In previous studies [42,43], total factor productivity was more used as an evaluation index for the high-quality development of enterprises, but the process of the high-quality development of enterprises may be unsustainable; that is, green and high-quality cannot be achieved. The green and high-quality development of enterprises refers more to the green total factor productivity. Compared with total factor productivity, which only considers expected output, green total factor productivity, which incorporates undesired outputs such as pollutant emissions into the indicator system is more comprehensive. Therefore, this paper studies total factor productivity as one of the factors affecting the green and high-quality development of enterprises. Guan Yuhang, Shi Yishuai, Li Li, et al. [44] took enterprises in low-carbon cities as research objects, and found that the improvement of the total factor productivity of low-carbon city policies would promote the high-quality development of enterprises. However, when the follow-up policies cannot keep up in time, the development and improvement of the enterprise will gradually disappear; that is, when the total factor productivity is not improved, the high-quality development of the enterprise will also be limited, making it difficult for the green and high-quality development of the enterprise to break through the bottleneck. Therefore, the following assumptions are made about total factor productivity:

Hypothesis 8.

There is a positive correlation between total factor productivity and the green and high-quality development of enterprises; that is, the improvement of total factor productivity helps to improve green total factor productivity.
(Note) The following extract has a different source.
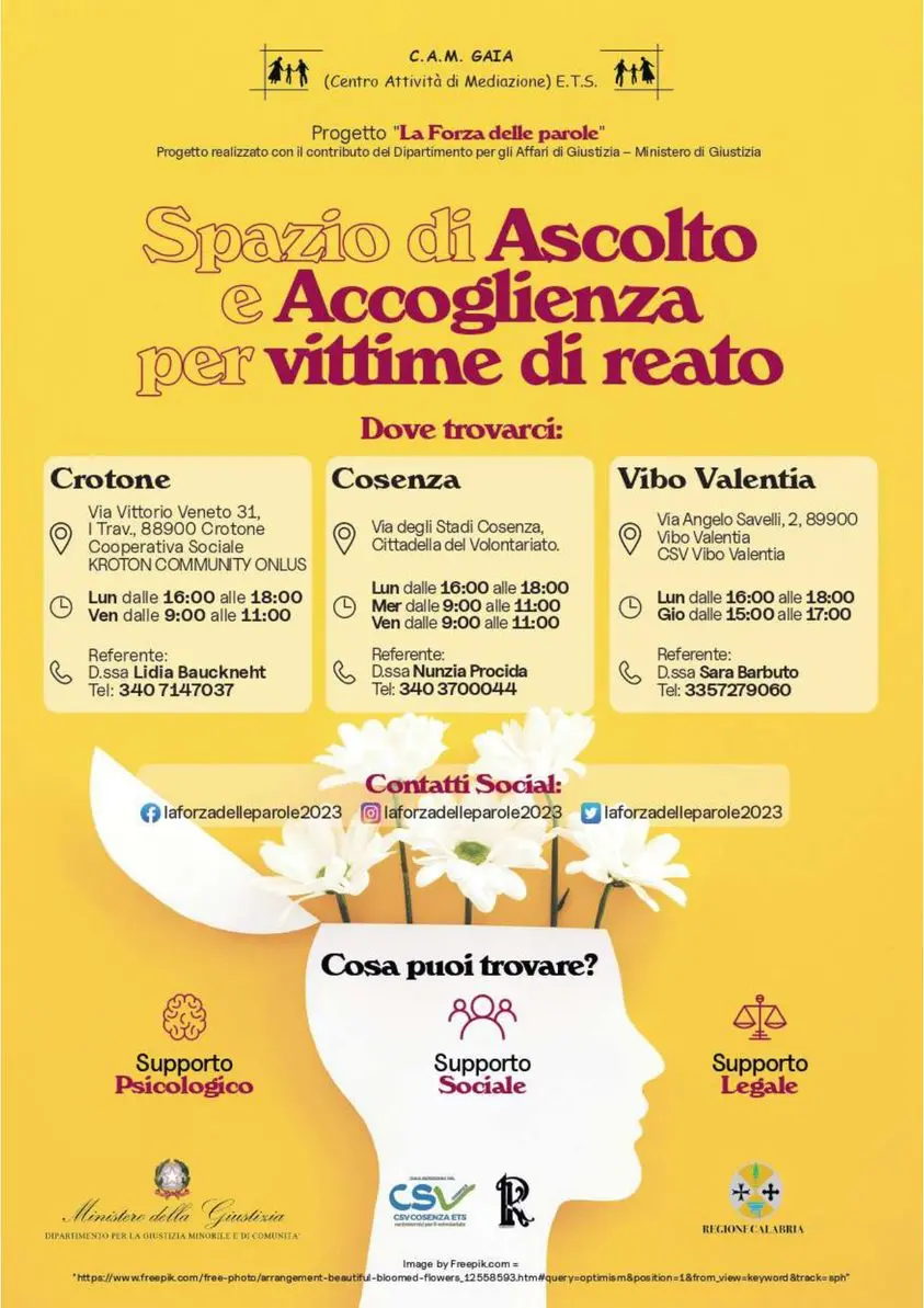 Che cosa si intende per “vittima”?: «Si tratta di una persona che ha subito un danno, anche fisico, mentale o emotivo o perdite economiche che sono stati causati direttamente da un reato; un familiare di una persona la cui morte è stata causata direttamente da un reato e che ha subito un danno in conseguenza della morte di tale persona (art. 2 Direttiva 2012/29/Ue del Parlamento europeo e del Consiglio del 25 ottobre 2021)». L’obiettivo «è di offrire nell’immediato una soluzione concreta alla domanda di giustizia, dando un sostegno sia ai vissuti emozionali sia ai bisogni materiali delle parti offese attraverso l’attivazione gratuita di punti di ascolto, supporto legale e psicologico». Le azioni previste prevedono la «costruzione di un servizio di assistenza alle vittime di reato, con il coinvolgimento in una rete virtuosa di soggetti pubblici e privati, che condividono la principale finalità di dare ascolto e sostegno alle persone che subiscono le conseguenze di un reato, che assicurino soluzioni tempestive e concrete alla richiesta di giustizia». Pertanto le attività vengono rivolte alle persone che «hanno la necessità di reperire punti di riferimento che consentano loro di far fronte alle conseguenze del reato subito. In casi particolari sarà possibile avere anche un piccolo sostegno economico». Si punta anche alla «informazione sui diritti: strumento a disposizione della vittima attraverso il quale prima o dopo la denuncia/querela, ha la possibilità di interfacciarsi con un operatore per ricevere attraverso l’informazione, una prima forma di tutela legale e sociale». I servizi vengono erogati tramite i punti o sportelli di ascolto che forniscono anche «percorsi personalizzati di tipo psicoterapeutico quali: Ama e/o in percorsi “Famiglia di”: percorsi di sostegno ai familiari dei rei in sperimentazione». Altre azioni che verranno messe in campo: «Attivazione della rete di vittime aspecifiche connesse alle istituzioni del territorio per l’implementazione di victim panel e per promuovere l’informazione e sensibilizzazione di diritti delle parti offese anche nei contesti penali con la finalità di prevenzione terziaria». E poi la «realizzazione di cicli di sensibilizzazione a specifiche comunità del territorio calabrese in sinergia con le commissioni locali sulle pari opportunità, vittime della subcultura ‘ndranghetista attraverso azioni di supporto con particolare riferimento alla condizione della donna e Lgbt». Quindi «l’implementazione della rete tra tutti i partner istituzionali, Magistratura, Istituzioni pubbliche ed il coinvolgimento attivo degli ordini professionali e del mondo dell’associazionismo».

In addition to the above common explanatory variables, state-owned enterprises and private enterprises also have their own unique influencing factors. Among them, Chinese enterprises involve the enterprise level, the shareholding ratio of the largest non-state-owned shareholder among the top ten shareholders, and the largest non-state-owned shareholder, whether it is the controlling shareholder, and the sum of the shareholding ratios of all non-state-owned shareholders among the top ten shareholders. The private enterprise involves the shareholding ratio of the largest state-owned shareholder among the top ten shareholders, the total shareholding ratio of all state-owned shareholders among the top ten shareholders, the total number of shares, and the number of state-owned shares. However, to unify the research object, this part of explanatory variables is not considered. The green and high-quality development of enterprises studied in this paper is not considered from the perspective of the sustainability of the enterprise, but is based on a large amount of enterprise data, to find the influencing factors of the green and high-quality development of enterprises, using different methods for modeling, with a view to return to the future green and high-quality development of enterprises.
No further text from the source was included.